AG: Fíjate que es un texto que di a leer a mucha gente y más o menos la mitad no lo leyó. Y gente capaz: Macías, Gerardo del Río… quién más… David Ojeda, que tampoco lo terminó de leer… bueno, tres gentes muy capaces, frente a los que sí lo leyeron que están ahí consignados en el colofón. Pero sí, sí es una novela complicada. Incluso me pasó una cosa muy curiosa, en Culiacán me lo comentó una chava como libro de cuentos, dice “este libro de cuentos de Alejandro García…”, entonces pues me sacó de onda, porque yo no lo planteé así, pero, bueno, es una visión.

A-M: Se me ocurre ahorita que alguien como Alain Robe Grillet en algún momento dice que eso le pesa, que siente que es un escritor para la gene y de pronto lo tachan de intelectualizado, y por otro lado está gente como Salvador Elizondo, a quien le dicen: “es que tú no escribes para las masas” y responde: “no, a mí me aterrorizaría escribir para las masas”. Tú al respecxto qué postura tienes.

AG: (La pregunta lo hace reír) Tampoco tiene uno mucha cobertura, ¿no?, para escribir. Cuando uno empieza a escribir piensa que puede hacer muchas cosas con la lectura, incluso piensa que una literatura complicada la van a leer no nada más porque te vas a hacer famoso.

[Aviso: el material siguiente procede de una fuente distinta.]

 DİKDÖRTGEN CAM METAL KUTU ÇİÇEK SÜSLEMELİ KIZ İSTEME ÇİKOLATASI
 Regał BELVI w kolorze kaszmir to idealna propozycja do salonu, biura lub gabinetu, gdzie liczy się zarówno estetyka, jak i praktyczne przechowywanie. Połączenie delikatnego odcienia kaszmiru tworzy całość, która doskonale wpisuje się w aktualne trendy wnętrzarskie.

Por ejemplo, nosotros pensamos mucho tiempo que habíamos subvertido muchas cosas al interior del país, bueno, tampoco, ¿no? Ni siquiera eso, pues. Entonces es algo que se va haciendo consciente, por ejemplo, esta cuestión de… mira, si tú vas a publicar en Tusquets sabes que tienes algún chance de hacerla, ¿no? Si tú vas a publicar en Guanajuato sabes que no tienes ningún chance, eso tienes que verlo. O sea, ahí lo importante para mí era fijar el año de publicación.

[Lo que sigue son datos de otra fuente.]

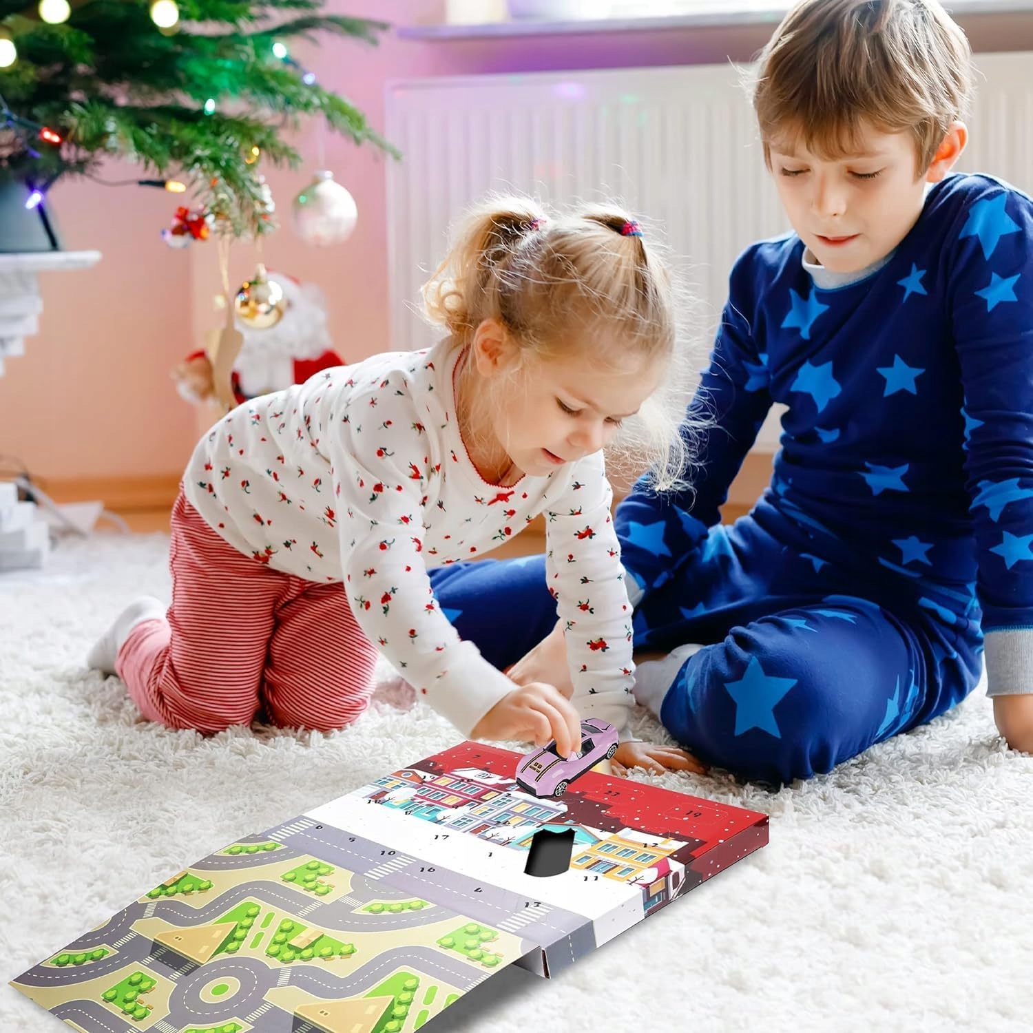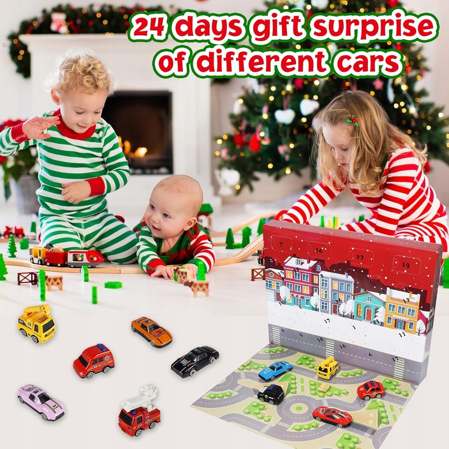 🎄🎄🎄Рождественский адвент-календарь: Автомобильная тема – 24 мини-машинки + ящик для хранения игрушек

A-M: Bueno, no te va a llegar fama y fortuna por el libro de inmediato (vuelve a reír), pero que se lea en unos años… Alguna vez escuché en tu casa, hace un par de años (no me decías a mí, creo que le decías a María Stoopen) que publicas el libro y el silencio.

AG: Sí, el silencio es terrible. Piénsalo en Báez, por ejemplo, él publica en Nueva Imagen y uno piensa “ya la hizo”, y no; o bueno, sí la hizo pero no.

A-M: No sé si sea muy sensato esperar de inmediato el comentario, como que eso toma mucho tiempo.

AG: Sí toma tiempo, toma tiempo… el asunto es un poco la inseguridad, ¿no? Tú dices: “tengo veinte o veinticinco años en esto y lo que pensaba que iba a pasar en cinco años no ha pasado en veinticinco”.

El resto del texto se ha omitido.